Britain is launching public probe into children’s use of AI chatbots

It’s for the kids; restricting chatbot harm to children is a high priority for the UK. (Picture: generated).
After starting an investigation against x.com and Grok for creating sexualized images, the UK government is launching a new «consultation» into how chatbots interact with children.

— I am concerned about these AI chatbots… as is the prime minister, about the impact that’s having on children and young people, Technology Secretary Liz Kendall says, according to Reuters.

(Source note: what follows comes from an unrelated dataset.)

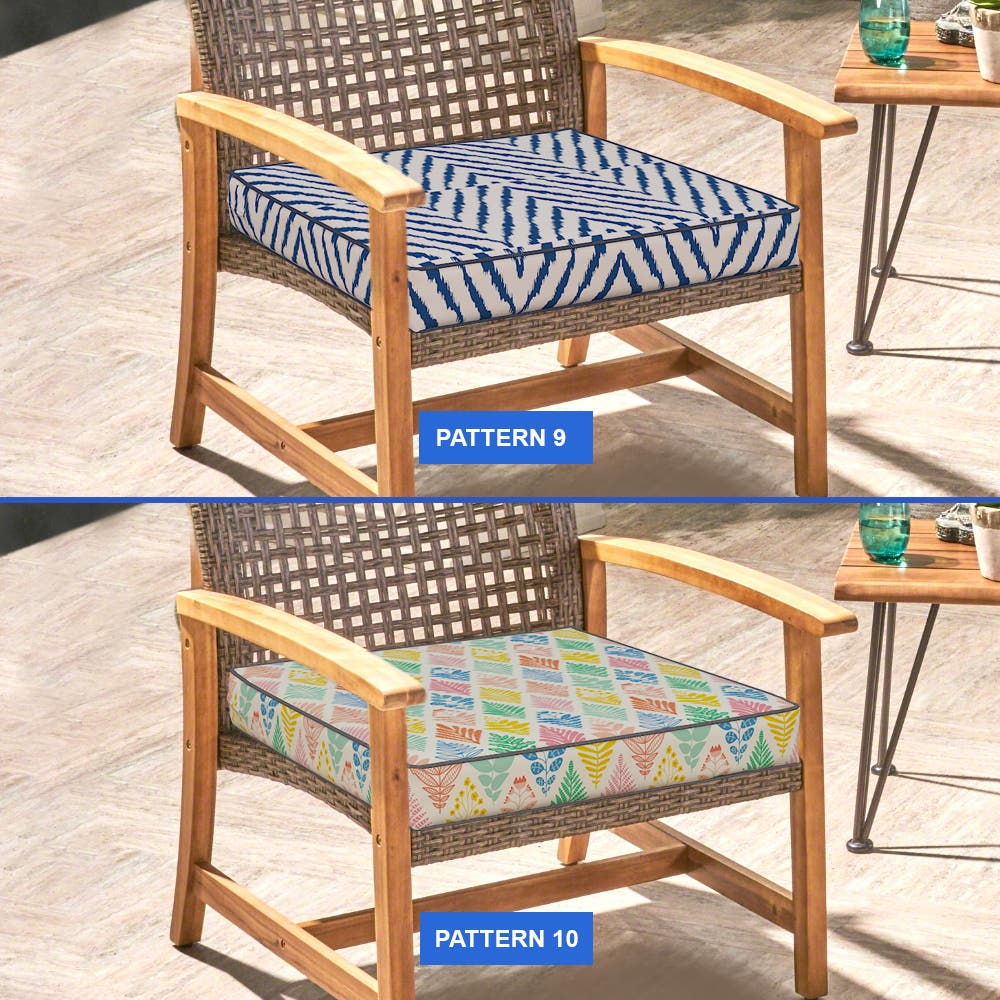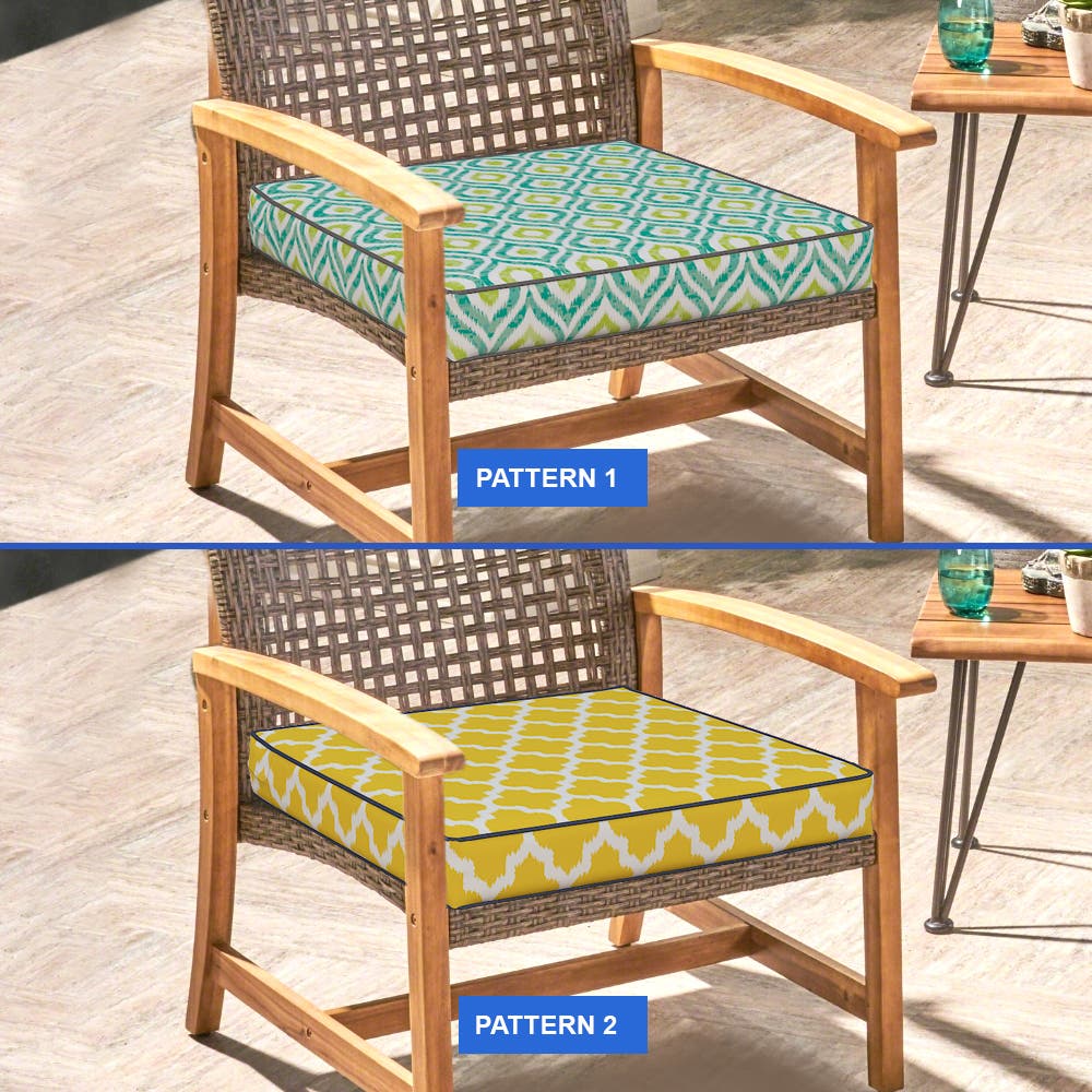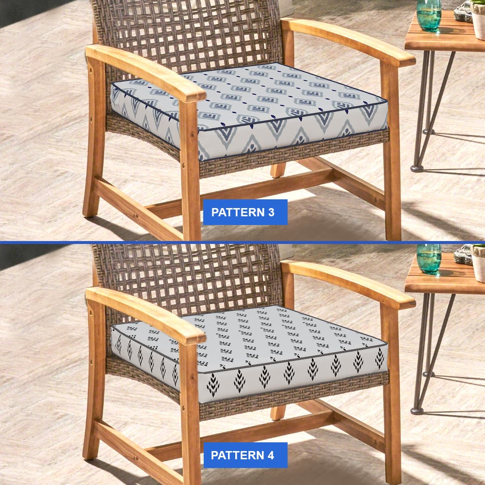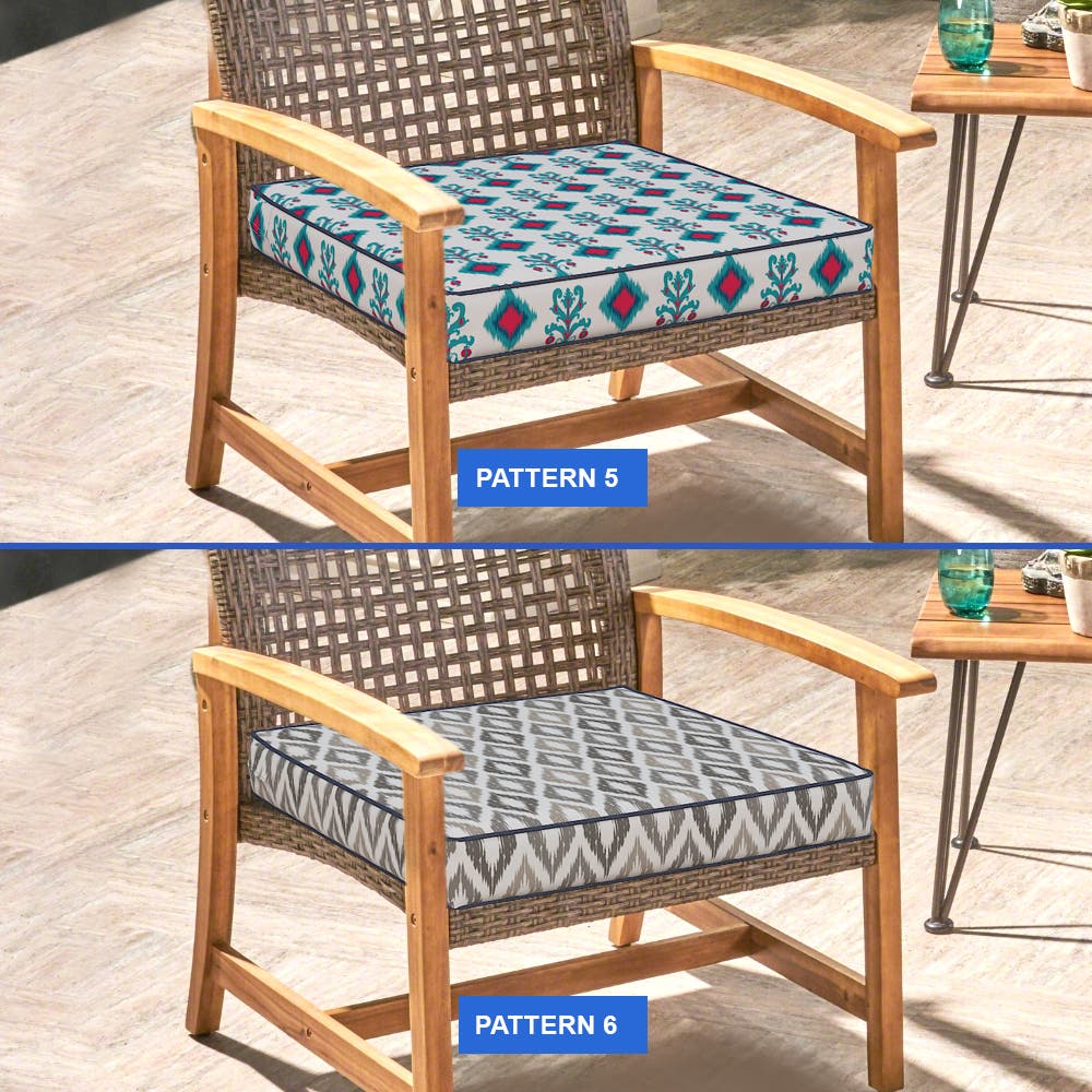Tailor your outdoor area with our custom-sized patio furniture cushion covers. Our accurate sizing guide helps you find the perfect fit, with a 0 to -2.5 cm allowance for precision. Pick from our Ikat pattern collection to match your outdoor style. Add ties in your preferred positions for a secure fit, or select a zipper for easy removal. Your custom outdoor cushion covers can also feature piped edges for a smart, finished look.

The first order of business is to make sure the chatbots follow the Online Safety Act, which doesn’t cover one-to-one interactions with chatbots as of today, Reuters says. This is mainly because it was enacted before they were on the radar, and this step will make it possible to regulate them like social media.

The wider consultation will «include examining restrictions on children’s use of AI chatbots,» the government says, and will be conducted over the coming months, ending in a set of proposals by June, 2026.

Read more: UK government presentation, and Reuters, CNBC.

OpenAI introduces Lockdown Mode and Elevated Risk protections

Only secure access is granted in the new Lockdown Mode. (Picture: OpenAI)
ChatGPT can be useful, but also carries some risk — especially when it’s browsing the web or using apps.

That’s why OpenAI is now launching «an advanced, optional setting for higher risk users.»

The idea is to disable tools an adversary might use to «to exploit to exfiltrate sensitive data,» such as prompt injection attacks in files or on the web.

When using Lockdown Mode, web use is limited to cached content only, and no live network access is available outside of OpenAI’s «controlled network»

Most people will never need this feature, OpenAI says, but it might be useful for corporate execs, security teams, journalists and officials.

OpenAI is also launching an «Elevated Risk»-setting, that lets users fine-tune network access for Atlas and Codex.

Both features are coming to users «in the coming months.»

Read more: OpenAI’s announcement.

Anthropic won the Super Bowl ads war

Anthropic’s ad was about ads in chat responses, and it seems to have landed. (Picture: Screenshot)
While the AI Super Bowl ads had generally lower engagement than others — there was a battle over mindshare brewing between them.

Anthropic won that battle, and saw a jump in daily active users of 11%, CNBC writes, quoting BNP Paribas. In comparison, ChatGPT jumped 2.7% and Gemini added 1.4%.

Anthropic also won the battle over social media engagement, with more positive posts (25.5%) after their ad was shown than OpenAI (16.3%) — even though OpenAI led with 25K posts to Anthropic’s 10K.